John Bolton, former US ambassador to the United Nations (Photo by Bloomberg)

US President Donald Trump has announced he is replacing his national security adviser, H.R. McMaster, with John Bolton, the former US ambassador to the UN and a military intervention hawk.

Trump announced the replacement on Thursday, making Bolton his third national security adviser since coming to office and continuing a shake-up that creates one of the most hawkish national security teams of any White House in recent history.

“I am pleased to announce that, effective 4/9/18, @AmbJohnBolton will be my new National Security Advisor. I am very thankful for the service of General H.R. McMaster who has done an outstanding job & will always remain my friend. There will be an official contact handover on 4/9,” Trump wrote via twitter.

McMaster’s replacement comes amid a period of uncertainty involving Trump’s national security team. Just last week, Trump axed Secretary of State Rex Tillerson and named CIA Director Mike Pompeo to replace him.

Bolton, who has been working as Fox News analyst and at the conservative American Enterprise Institute, has been an informal adviser to Trump. He was spotted walking in the West Wing on Thursday afternoon, hours before his hiring was announced.

The president decided to boot McMaster following months of friction between them.

Trump publicly scolded McMaster in February after the former general said there was “incontrovertible” proof that Russia meddled in the 2016 presidential election, remarks that were at odds with Trump’s claim that his campaign did not collude with Russia.

“General McMaster forgot to say that the results of the 2016 election were not impacted or changed by the Russians and that the only Collusion was between Russia and Crooked H, the DNC and the Dems,” Trump tweeted as a response.
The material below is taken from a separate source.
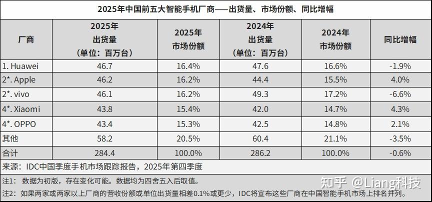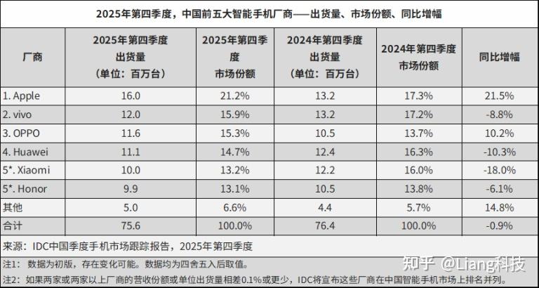 根据数据统计机构IDC公布的2025年第四季度全球智能手机销量报告来看,在中国范围内,苹果的销量依然占据榜首,但国产手机的销量也已经相当接近,不知道你身边用苹果手机的人还多吗?

Bolton, an outspoken advocate of military action who served in the administration of former US president George W. Bush, has called for action against Iran and North Korea.

In a February op-ed for The Wall Street Journal, Bolton made the "legal case for striking North Korea first" to stop what he deems an "imminent threat" from the nation's nuclear program.

Bolton is also strongly opposed to the Iran nuclear deal. According to The American Conservative magazine, Bolton "has been obsessed for many years with going to war against the Islamic Republic."

Bolton’s hiring was met with opposition among Democrats on Capitol Hill, who expressed fear that he could help lead the country into an overseas war. As President George W. Bush’s UN ambassador, Bolton was a vocal proponent of the Iraq War.

“With the appointments of Mike Pompeo and John Bolton, @realDonaldTrump is successfully lining up his war cabinet,” tweeted Democrat Senator Ed Markey. “Bolton played a key role in politicizing the intel that misled us into the Iraq War. We cannot let this extreme war hawk blunder us into another terrible conflict.”

“No man is more out of touch with the situation in the Middle East or more dangerous to our national security than Bolton,” GOP Senator Rand Paul had written in an op-ed days after Trump’s election when news came that Trump is interested in appointing Bolton to a top post.